▶ HOW TO COMPLETE THIS TASK: Leaving out the pictures, output the lines from the one that contains "Samolepící dekorace 42,5" through the end of the material, exactly as they stand.

▶ MATERIALS PROVIDED:
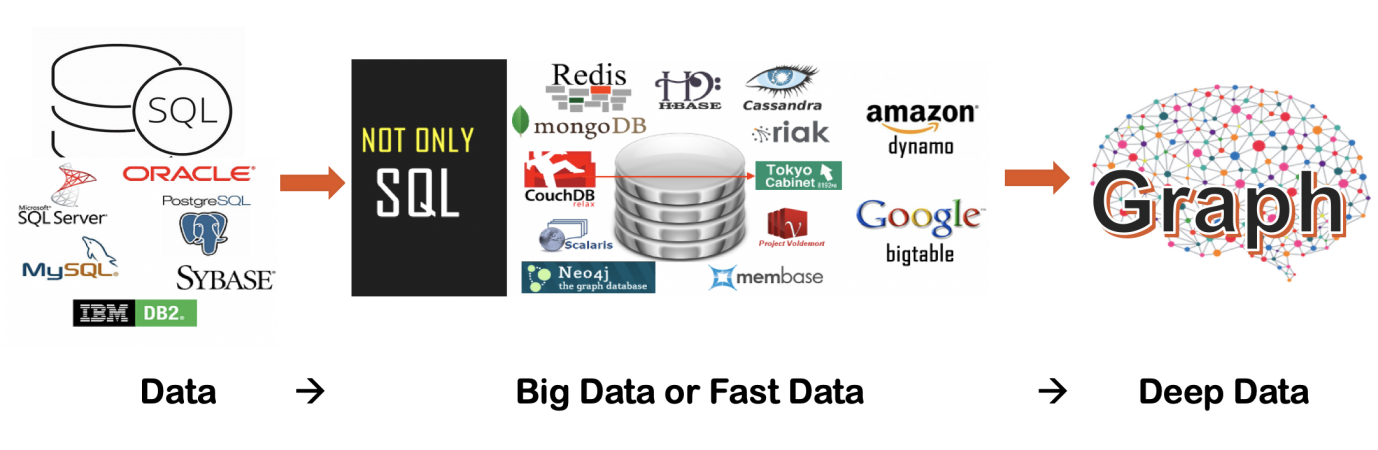 In Diagram-0, we have illustrated the industry-wide trend of moving from data to big-data then to fast data, so on and so forth. The underlying data-processing technologies are actually moving from relational databases to non-relational databases (NOSQLs and Hadoops), and to NewSQLs or graph database frameworks that are capable of big-data and fast data and even to the extent of deep data. This trend is captured in Diagram-2.
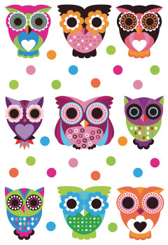 Samolepící dekorace 42,5 x 65 cm, Sovy. Jednoduše a rychle změníte vzhled interiéru! Doporučujeme lepit na hladký povrch.
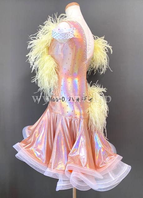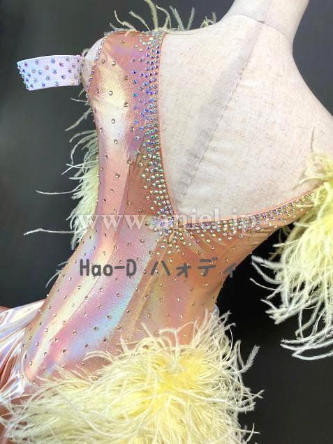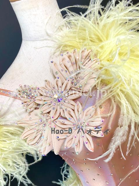 クリームイェローのオーストリッチは胸元とヒップのボリュームをアップし、可愛さプラス
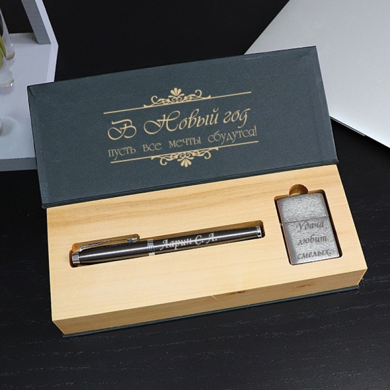 Подарочный набор зажигалка Zippo и ручка Parker "Real Steel" с гравировкой
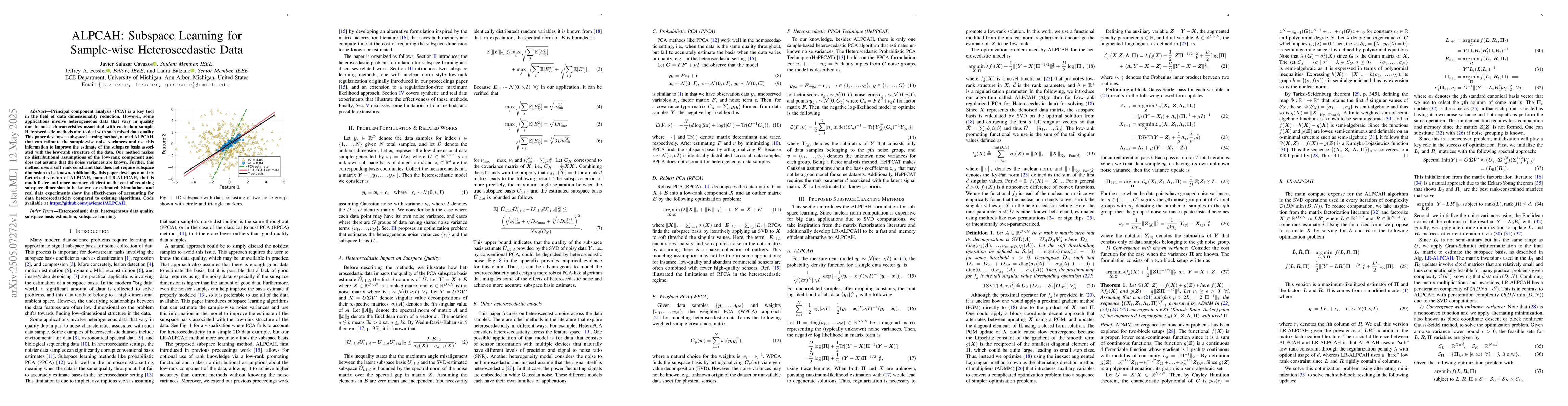 The paper develops ALPCAH, a subspace learning method that estimates sample-wise noise variances to improve subspace basis estimation for low-rank data structures. Additionally, it introduces a matrix factorized version, LR-ALPCAH, which is faster and more memory-efficient but requires known or estimated subspace dimension.
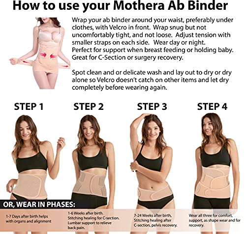 The Mothera 3-in-1 abdominal binder is perfect to add to your postpartum essentials kit. The three different pieces allow for customization as each womens birth journey is unique to them. Whether you need to protect your c-section incision or provide some support to your abdominal muscles, The postpartum girdle gives you the support you need while being comfortable enough for daily wear. Wether you’re looking for pain relief or just a little extra support our post partum recovery belly wrap will give you the support and peace of mind you are looking for.

▶ RESULT OF THE TASK:
 Samolepící dekorace 42,5 x 65 cm, Sovy. Jednoduše a rychle změníte vzhled interiéru! Doporučujeme lepit na hladký povrch.
 クリームイェローのオーストリッチは胸元とヒップのボリュームをアップし、可愛さプラス
 Подарочный набор зажигалка Zippo и ручка Parker "Real Steel" с гравировкой
 The paper develops ALPCAH, a subspace learning method that estimates sample-wise noise variances to improve subspace basis estimation for low-rank data structures. Additionally, it introduces a matrix factorized version, LR-ALPCAH, which is faster and more memory-efficient but requires known or estimated subspace dimension.
 The Mothera 3-in-1 abdominal binder is perfect to add to your postpartum essentials kit. The three different pieces allow for customization as each womens birth journey is unique to them. Whether you need to protect your c-section incision or provide some support to your abdominal muscles, The postpartum girdle gives you the support you need while being comfortable enough for daily wear. Wether you’re looking for pain relief or just a little extra support our post partum recovery belly wrap will give you the support and peace of mind you are looking for.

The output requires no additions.